The answer consists only of the lines from the beginning of the listing below to the line holding "Crafted from cotton", inclusive, with every picture removed.
DATA BLOCK section start
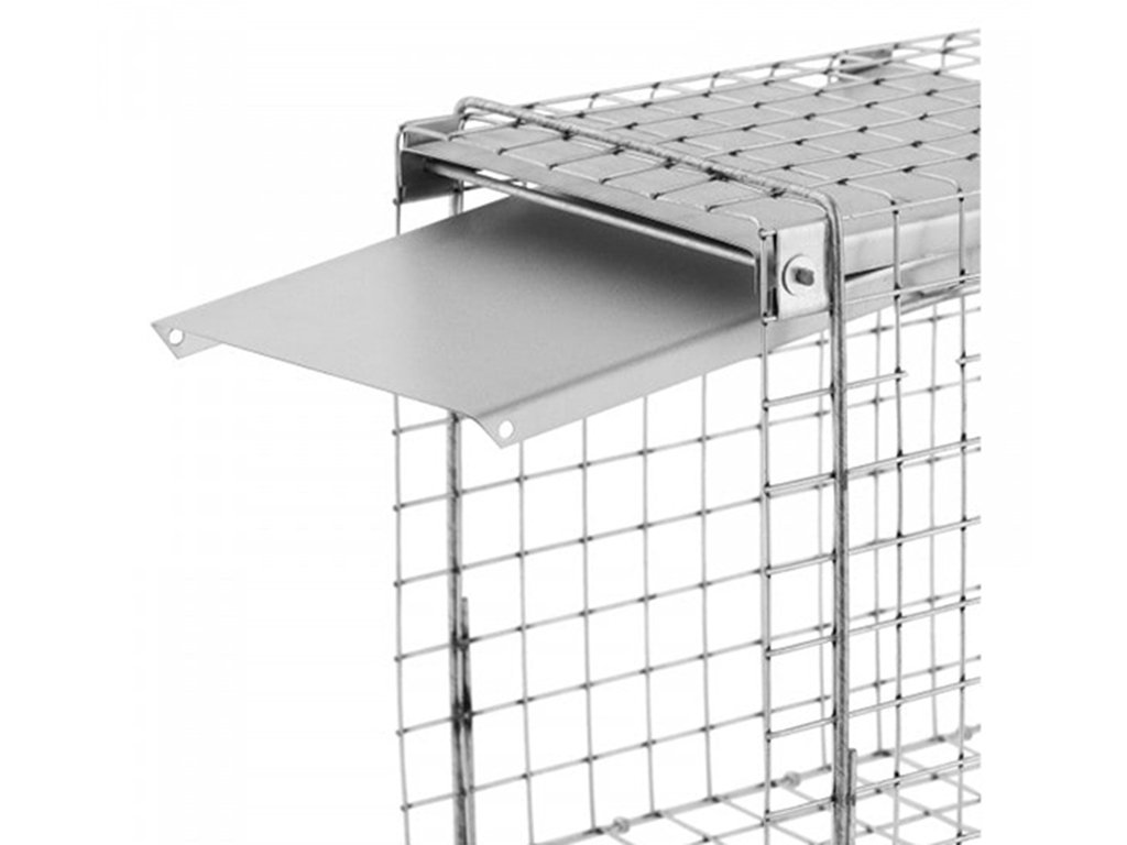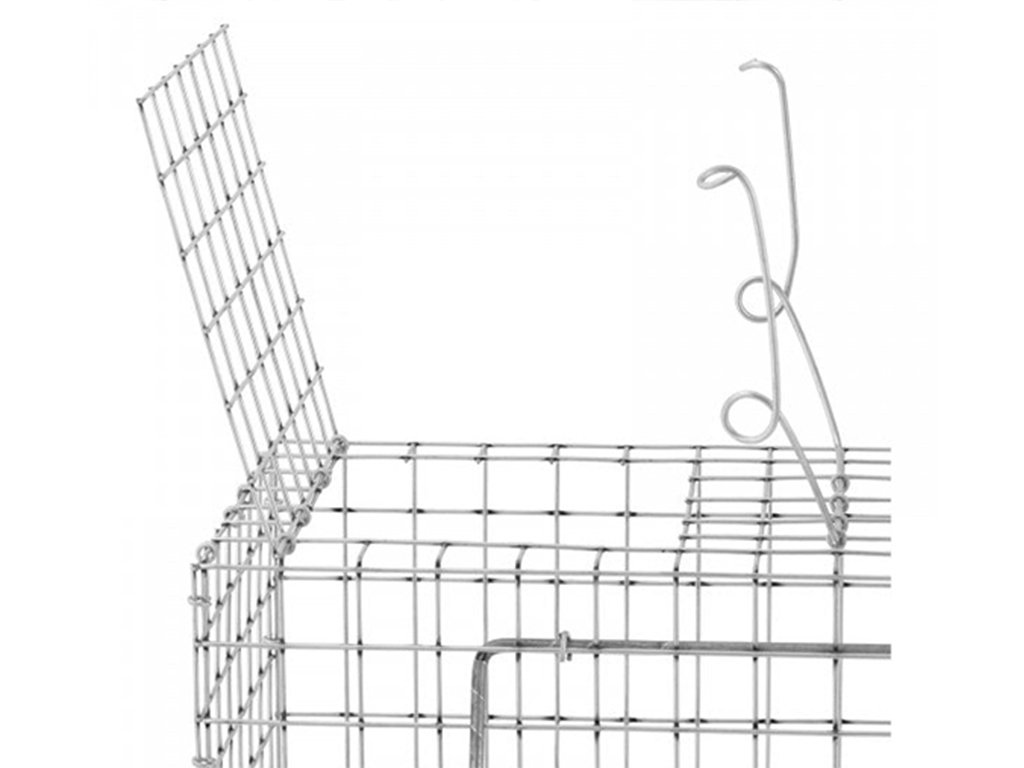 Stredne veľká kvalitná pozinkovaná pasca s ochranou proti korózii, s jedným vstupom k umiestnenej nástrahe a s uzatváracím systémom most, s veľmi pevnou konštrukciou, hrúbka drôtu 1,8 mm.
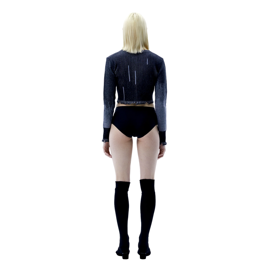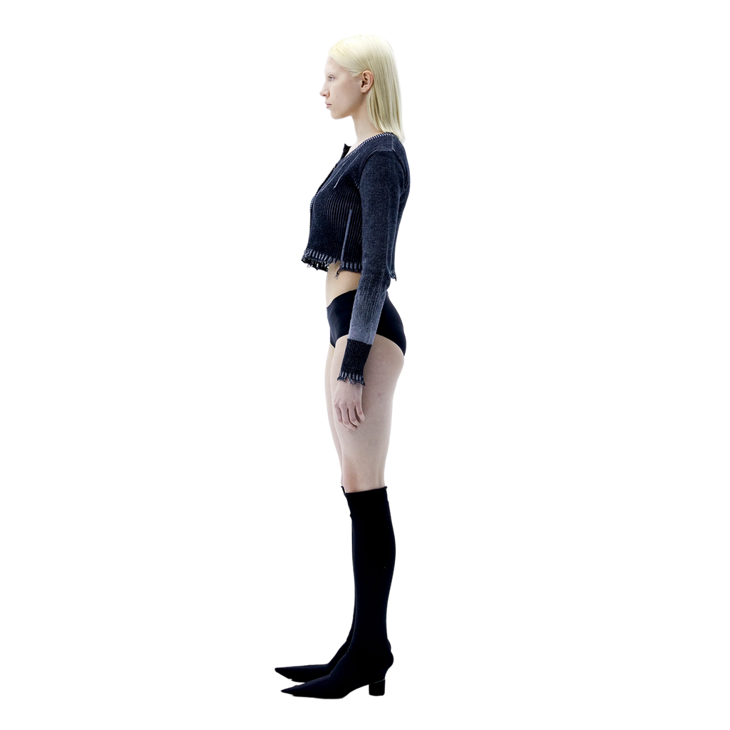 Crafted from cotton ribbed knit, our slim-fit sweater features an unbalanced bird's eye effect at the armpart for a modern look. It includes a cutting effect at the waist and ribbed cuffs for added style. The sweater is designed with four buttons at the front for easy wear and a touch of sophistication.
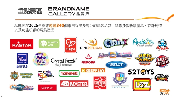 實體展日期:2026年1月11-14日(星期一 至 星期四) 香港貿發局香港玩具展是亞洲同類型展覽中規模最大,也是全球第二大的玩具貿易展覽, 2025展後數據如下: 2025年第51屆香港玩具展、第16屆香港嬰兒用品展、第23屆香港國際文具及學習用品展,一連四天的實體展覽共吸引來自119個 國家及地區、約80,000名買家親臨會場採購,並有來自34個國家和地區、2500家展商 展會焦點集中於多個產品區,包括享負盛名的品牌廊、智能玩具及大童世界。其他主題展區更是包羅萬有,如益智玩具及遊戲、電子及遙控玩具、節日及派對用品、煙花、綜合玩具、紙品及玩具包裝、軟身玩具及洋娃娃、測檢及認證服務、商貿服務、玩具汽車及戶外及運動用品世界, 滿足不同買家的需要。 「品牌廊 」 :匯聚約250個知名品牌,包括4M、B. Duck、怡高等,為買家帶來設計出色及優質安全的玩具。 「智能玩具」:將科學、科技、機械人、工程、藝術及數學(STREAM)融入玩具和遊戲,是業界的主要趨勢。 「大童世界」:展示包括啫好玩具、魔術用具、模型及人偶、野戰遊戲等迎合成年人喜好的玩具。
DATA BLOCK section end
**WRITTEN ANSWER:**
 Stredne veľká kvalitná pozinkovaná pasca s ochranou proti korózii, s jedným vstupom k umiestnenej nástrahe a s uzatváracím systémom most, s veľmi pevnou konštrukciou, hrúbka drôtu 1,8 mm.
 Crafted from cotton ribbed knit, our slim-fit sweater features an unbalanced bird's eye effect at the armpart for a modern look. It includes a cutting effect at the waist and ribbed cuffs for added style. The sweater is designed with four buttons at the front for easy wear and a touch of sophistication.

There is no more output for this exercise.